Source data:
[Start of section]

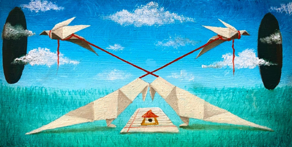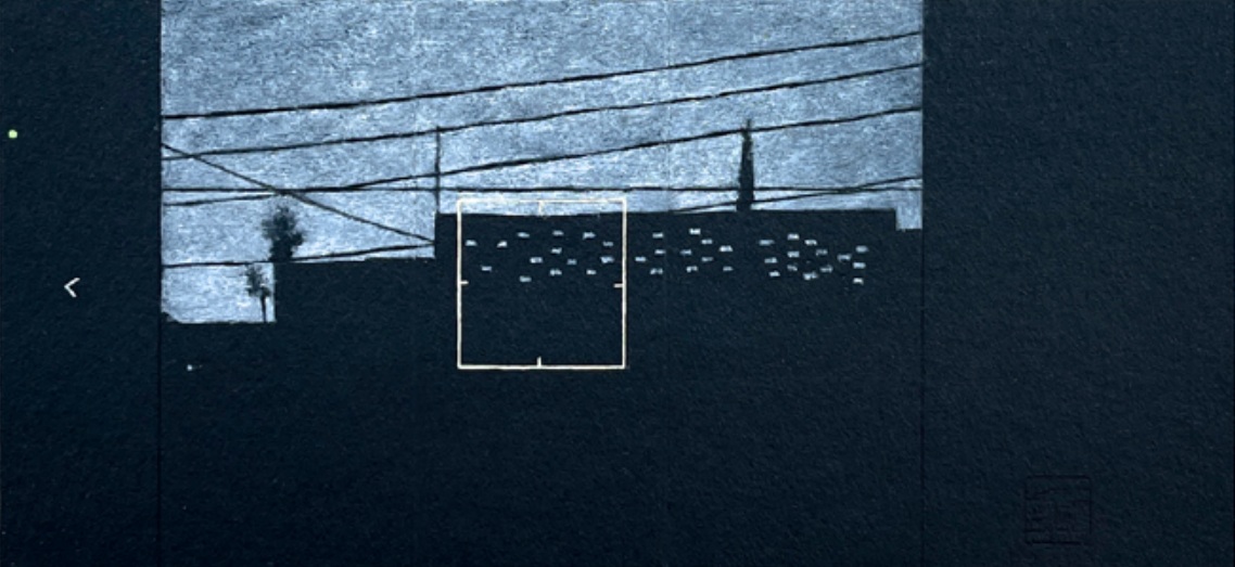 Faisal deepens this theme in “Home.Screen. II,” where urban silhouettes emerge from a starry haze of wires and windows. Silhouetted buildings huddle under a web of power lines, their lights twinkling like distant memories. A white square frames an empty space, perhaps a missing window or a paused video call, heightening the sense of suspended time. The gouache layers build a tactile slowness, mimicking the scroll of a feed that never quite satisfies. Faisal’s brushwork is intimate, each stroke a bridge between archive and mirror, inviting us to question what we hold in our palms: faith or innocence?
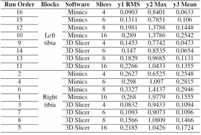 factorial design was used to analyze the effect of two factors: software and the number of slices in the RMS (root mean square), Max (maximum distance between meshes), and Mean distance responses. The responses were obtained via the Euclidean distance of the model with a reduced number of slices vs. the control (the model with the complete number of slices). The MeshLab software was used to calculate the Hausdorff distance, which refers to the maximum distance between two subsets of points, where one belongs to an x-mesh, and the other belongs to a y-mesh.MeshLab samples each point belonging to the x-mesh and takes the closest point of the y-mesh. Therefore, it is very important to perform a previous alignment process between the meshes as accurately as possible. It is also essential to take as many points as possible when applying the filter, which can be ensured by sampling the vertices, edges, and faces [18]. The software factor had two levels: Mimics and 3D Slicer. The number of slices factor had four levels: 4, 6, 8, and 16. The alternative reconstructed models were compared with the reference model, and the right tibia and left tibia were considered as replications. The experimental setup is shown in Table IV. Residual plots were used to test the normality, independence, and constant variance assumptions (data not shown). Outliers identified via scatter plots were extracted from the analysis. The incidence of the effects and two-level interactions was evaluated via ANOVA (p <0,05).
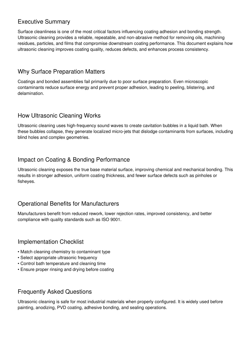 Executive Summary Surface cleanliness is one of the most critical factors influencing coating adhesion and bonding strength. Ultrasonic cleaning provides a reliable, repeatable, and non-abrasive method for removing oils, machining residues, particles, and films that compromise downstream coating performance. This document explains how ultrasonic cleaning improves coating quality, reduces defects, and enhances process consistency. Why Surface Preparation Matters Coatings and bonded assemblies fail primarily due to poor surface preparation. Even microscopic contaminants reduce surface energy and prevent proper adhesion, leading to peeling, blistering, and delamination. How Ultrasonic Cleaning Works Ultrasonic cleaning uses high-frequency sound waves to create cavitation bubbles in a liquid bath. When these bubbles collapse, they generate localized micro-jets that dislodge contaminants from surfaces, including blind holes and complex geometries. Impact on Coating & Bonding Performance Ultrasonic cleaning exposes the true base material surface, improving chemical and mechanical bonding. This results in stronger adhesion, uniform coating thickness, and fewer surface defects such as pinholes or fisheyes. Operational Benefits for Manufacturers Manufacturers benefit from reduced rework, lower rejection rates, improved consistency, and better compliance with quality standards such as ISO 9001. Implementation Checklist • Match cleaning chemistry to contaminant type • Select appropriate ultrasonic frequency • Control bath temperature and cleaning time • Ensure proper rinsing and drying before coating Frequently Asked Questions Ultrasonic cleaning is safe for most industrial materials when properly configured. It is widely used before painting, anodizing, PVD coating, adhesive bonding, and sealing operations.
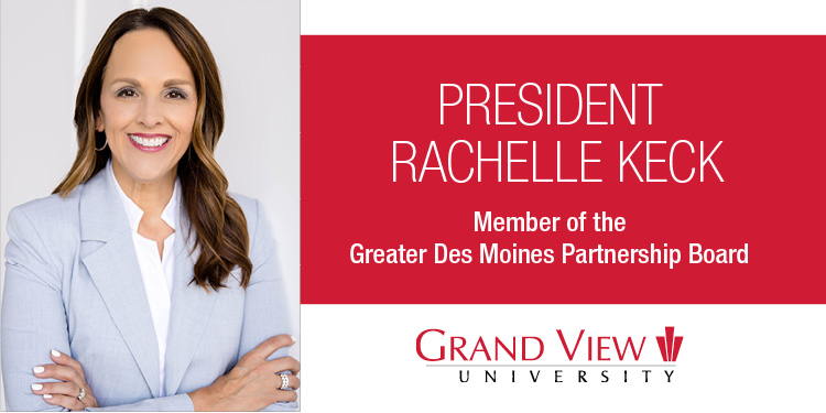 Grand View University President Dr. Rachelle Keck has been named to the 2026 Greater Des Moines Partnership Board of Directors, joining regional leaders from business, education, and the nonprofit sector who work collectively to advance economic growth and quality of life across Greater Des Moines.
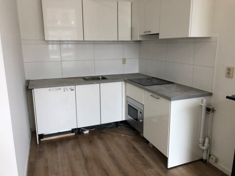 het appartement beschikt over een ruime woonkamer met open keuken. De keuken is van vele gemakken is voorzien zoals een inductiekookplaat, koelkast, combinatie oven-magnetron en een vaatwasser. Daarnaast in er een nette badkamer aanwezig met douche, wastafel en toilet.

[End of section]

**YOUR TASK**
Begin at the line that contains "Grand View University" and transcribe exactly, and only, each line through the final line of the data above, both included; the pictures do not go in.

**TASK RESPONSE**
 Grand View University President Dr. Rachelle Keck has been named to the 2026 Greater Des Moines Partnership Board of Directors, joining regional leaders from business, education, and the nonprofit sector who work collectively to advance economic growth and quality of life across Greater Des Moines.
 het appartement beschikt over een ruime woonkamer met open keuken. De keuken is van vele gemakken is voorzien zoals een inductiekookplaat, koelkast, combinatie oven-magnetron en een vaatwasser. Daarnaast in er een nette badkamer aanwezig met douche, wastafel en toilet.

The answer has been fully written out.